## TASK BRIEF
Below are records to print word for word; include none of their pictures.

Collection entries
☆ ☆ ☆ ☆ ☆ ☆ ☆
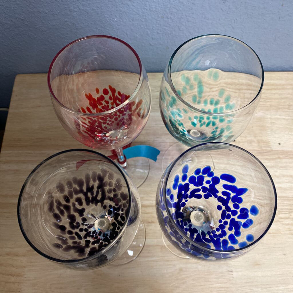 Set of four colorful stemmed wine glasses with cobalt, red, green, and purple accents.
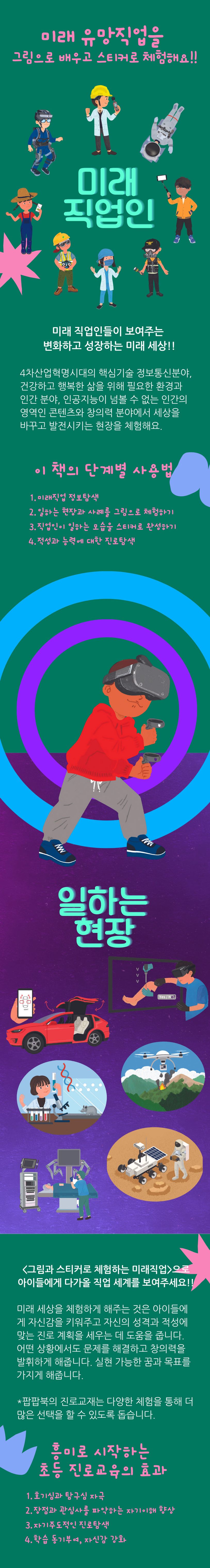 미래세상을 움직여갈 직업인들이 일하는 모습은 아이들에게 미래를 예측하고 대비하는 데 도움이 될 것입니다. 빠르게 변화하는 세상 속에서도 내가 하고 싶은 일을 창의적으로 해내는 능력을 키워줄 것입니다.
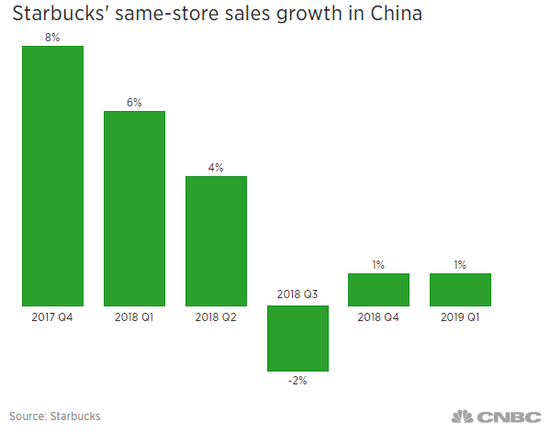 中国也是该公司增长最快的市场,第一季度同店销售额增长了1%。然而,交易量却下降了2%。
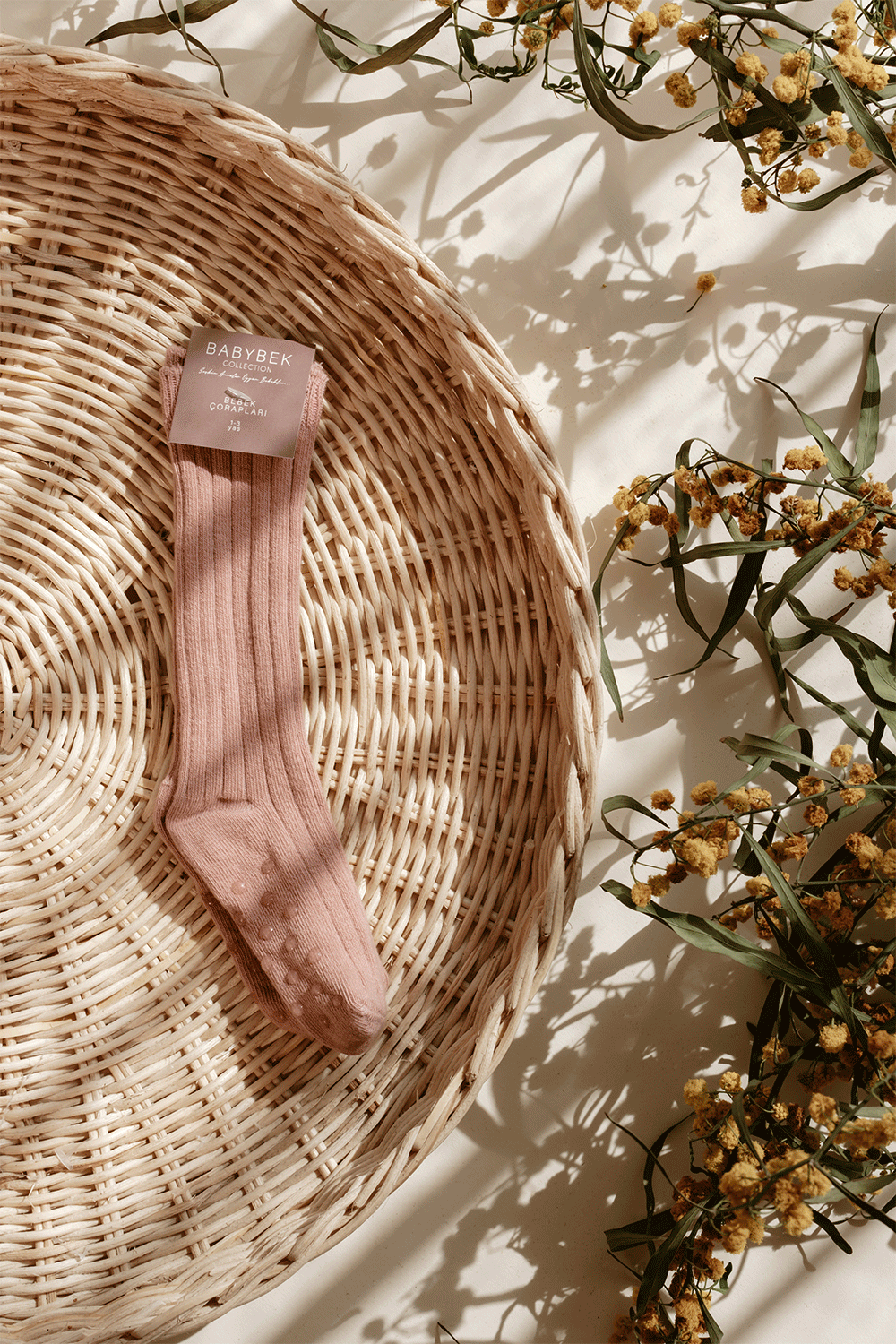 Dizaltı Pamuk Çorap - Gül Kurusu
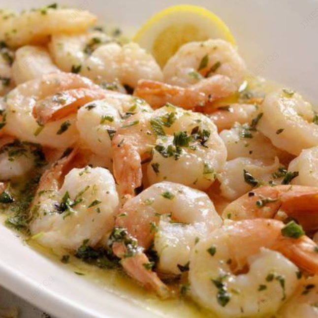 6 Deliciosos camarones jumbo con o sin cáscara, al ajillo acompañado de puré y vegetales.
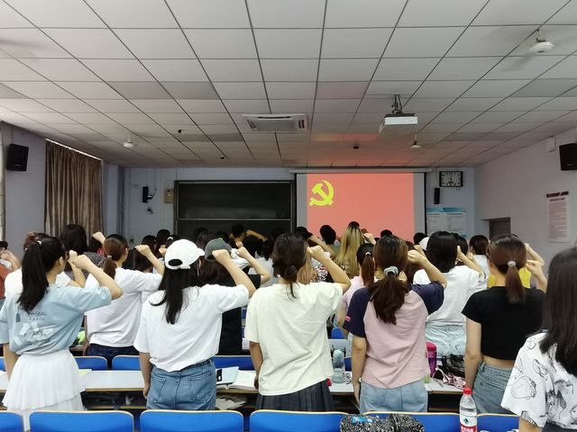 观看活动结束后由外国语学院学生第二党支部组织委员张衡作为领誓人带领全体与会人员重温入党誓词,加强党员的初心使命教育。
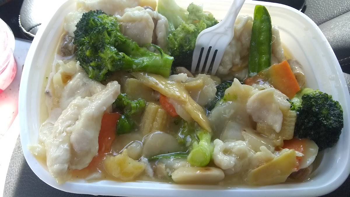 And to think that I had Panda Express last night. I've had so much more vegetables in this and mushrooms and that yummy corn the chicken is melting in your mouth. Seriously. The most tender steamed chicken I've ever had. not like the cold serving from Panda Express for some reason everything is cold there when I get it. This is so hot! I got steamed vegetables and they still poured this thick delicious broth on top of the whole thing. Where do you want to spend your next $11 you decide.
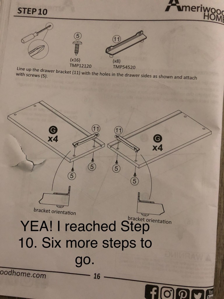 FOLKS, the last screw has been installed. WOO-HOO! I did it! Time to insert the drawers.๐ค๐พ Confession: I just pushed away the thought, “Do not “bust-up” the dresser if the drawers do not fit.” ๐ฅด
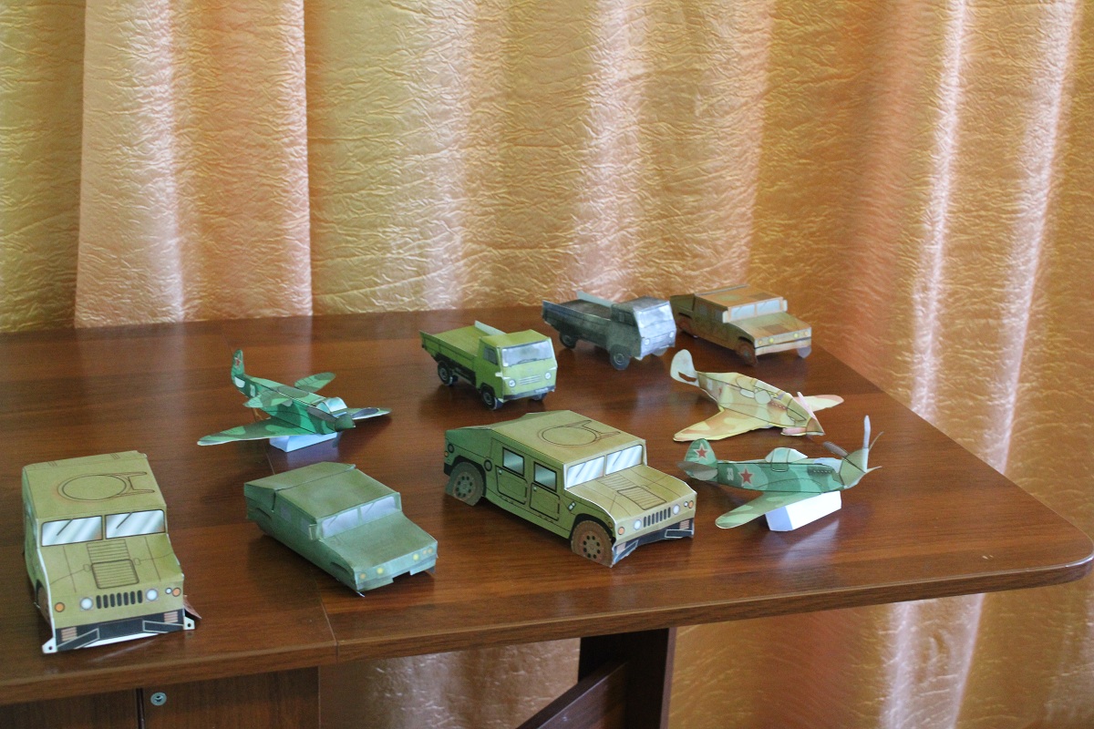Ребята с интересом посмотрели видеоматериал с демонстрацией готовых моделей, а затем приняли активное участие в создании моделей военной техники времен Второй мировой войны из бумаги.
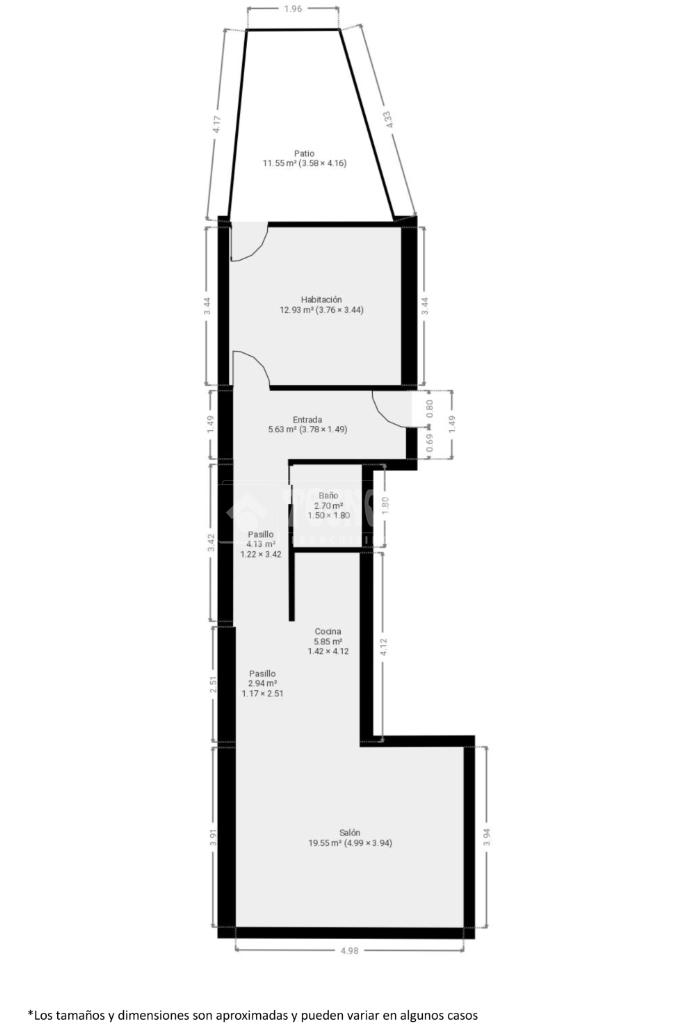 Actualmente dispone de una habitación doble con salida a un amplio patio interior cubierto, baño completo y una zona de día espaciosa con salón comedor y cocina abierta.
☆ ☆ ☆ ☆ ☆ ☆ ☆
## WRITTEN SOLUTION
 Set of four colorful stemmed wine glasses with cobalt, red, green, and purple accents.
 미래세상을 움직여갈 직업인들이 일하는 모습은 아이들에게 미래를 예측하고 대비하는 데 도움이 될 것입니다. 빠르게 변화하는 세상 속에서도 내가 하고 싶은 일을 창의적으로 해내는 능력을 키워줄 것입니다.
 中国也是该公司增长最快的市场,第一季度同店销售额增长了1%。然而,交易量却下降了2%。
 Dizaltı Pamuk Çorap - Gül Kurusu
 6 Deliciosos camarones jumbo con o sin cáscara, al ajillo acompañado de puré y vegetales.
 观看活动结束后由外国语学院学生第二党支部组织委员张衡作为领誓人带领全体与会人员重温入党誓词,加强党员的初心使命教育。
 And to think that I had Panda Express last night. I've had so much more vegetables in this and mushrooms and that yummy corn the chicken is melting in your mouth. Seriously. The most tender steamed chicken I've ever had. not like the cold serving from Panda Express for some reason everything is cold there when I get it. This is so hot! I got steamed vegetables and they still poured this thick delicious broth on top of the whole thing. Where do you want to spend your next $11 you decide.
 FOLKS, the last screw has been installed. WOO-HOO! I did it! Time to insert the drawers.๐ค๐พ Confession: I just pushed away the thought, “Do not “bust-up” the dresser if the drawers do not fit.” ๐ฅด
Ребята с интересом посмотрели видеоматериал с демонстрацией готовых моделей, а затем приняли активное участие в создании моделей военной техники времен Второй мировой войны из бумаги.
 Actualmente dispone de una habitación doble con salida a un amplio patio interior cubierto, baño completo y una zona de día espaciosa con salón comedor y cocina abierta.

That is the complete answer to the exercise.